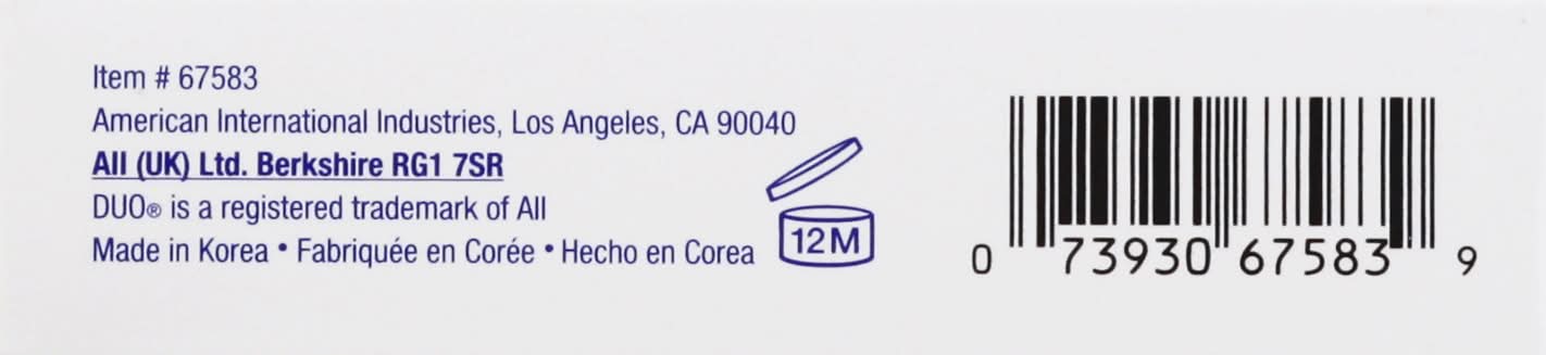Dries clear. Formaldehyde free. Long-lasting. Water resistant. Latex free. Silicone applicator. New. Sets in seconds. Further information included. duoadhesives.com. (hashtag)duoadhesive. (at)duoadhesive. Facebook. Pinterest. Instagram. YouTube. Join our beauty network. duoadhesives.com. Made in Korea.
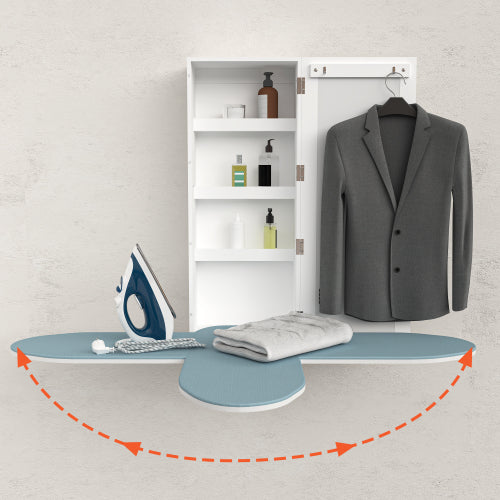 Stauraum & Spiegel: Im Schrankinneren befinden sich 3 Fächer, die Platz für Bügeleisen, Sprühflaschen und Zubehör bieten. An der Innenseite der Schranktür sind Haken zum Aufhängen von Kleidung angebracht. Bei geschlossener Tür dient die Außenseite als praktischer Spiegel.
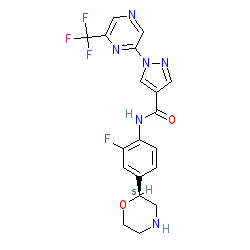 | SMILES | O=C(Nc1ccc([C@H]2CNCCO2)cc1F)c1cnn(-c2cncc(C(F)(F)F)n2)c1 |
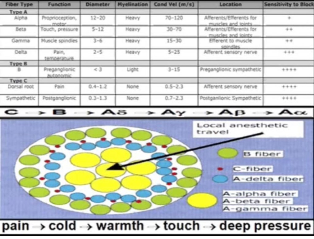 - Then unmyelinated C fibers first (cold, dull, slow pain & visceral pain )
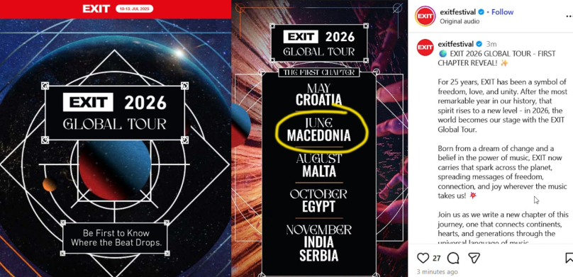 Според објавата на официјалниот Instagram профил на EXIT, првите дестинации за 2026 Exit Global Tour година се Египет, Индија, Малта, Хрватска, Македонија и Србија.
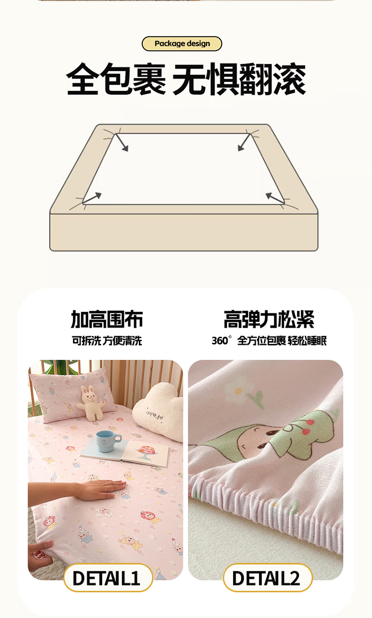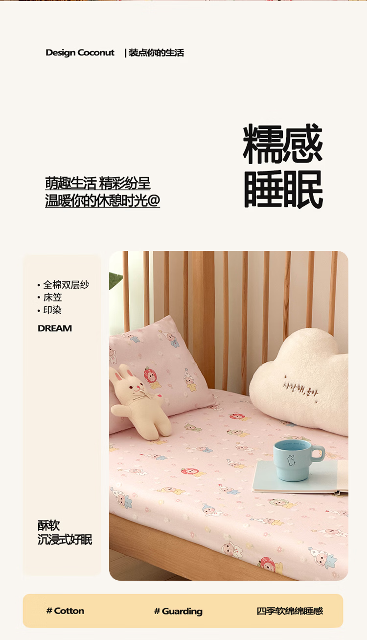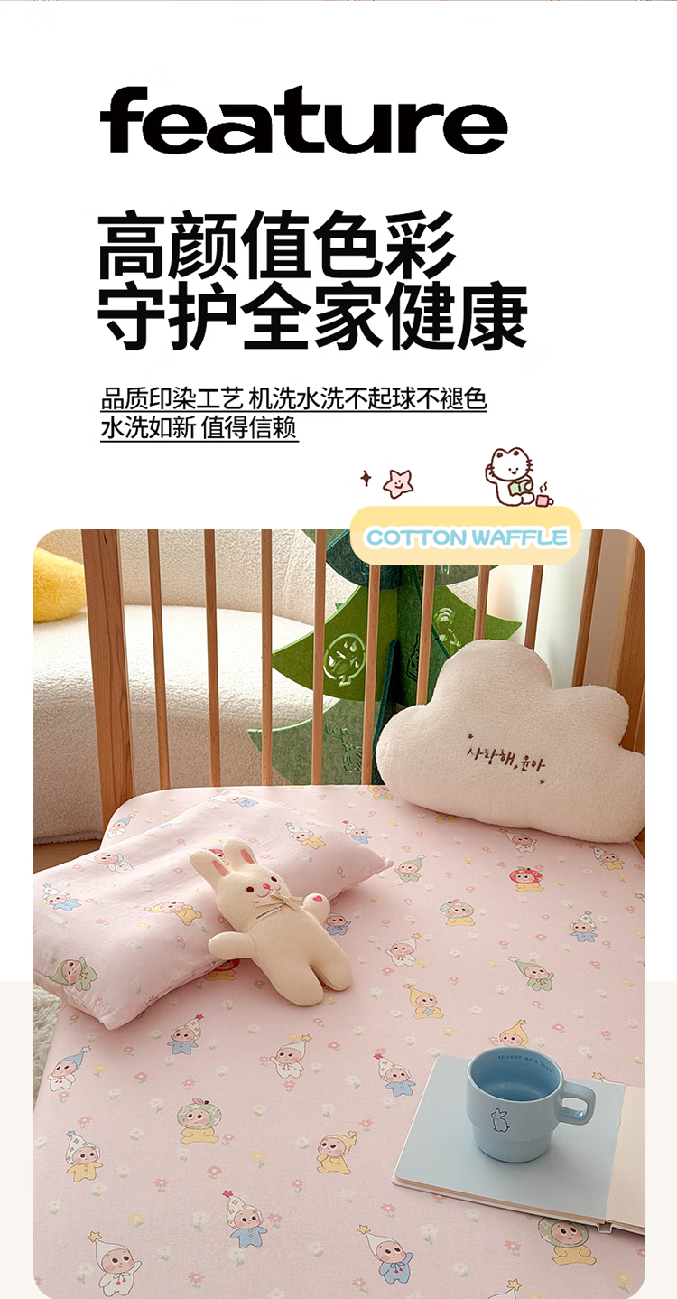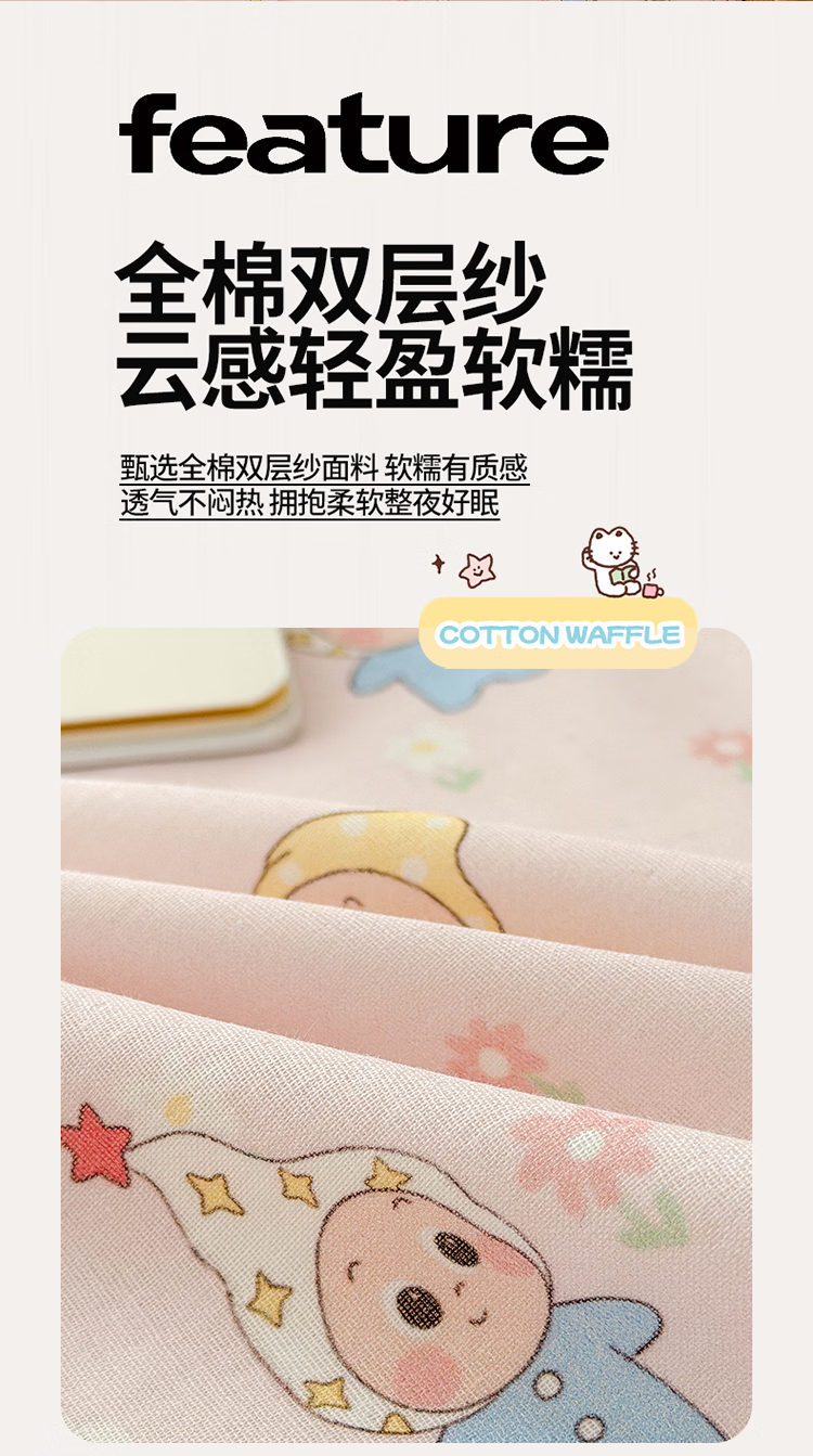 ROLAND LIVE儿童全棉双层纱床笠儿童床垫保护罩幼儿园宝宝床褥套子防尘罩 HSH 儿童全棉双层纱床笠-小星人 单床笠56*100cm

◇ ◇ ◇ ◇

● Brief: Set down word for word the lines beginning with the one containing "- Then unmyelinated" and ending with the last line of the listing, inclusive. Omit every picture.

● Answer to this problem:
 - Then unmyelinated C fibers first (cold, dull, slow pain & visceral pain )
 Според објавата на официјалниот Instagram профил на EXIT, првите дестинации за 2026 Exit Global Tour година се Египет, Индија, Малта, Хрватска, Македонија и Србија.
 ROLAND LIVE儿童全棉双层纱床笠儿童床垫保护罩幼儿园宝宝床褥套子防尘罩 HSH 儿童全棉双层纱床笠-小星人 单床笠56*100cm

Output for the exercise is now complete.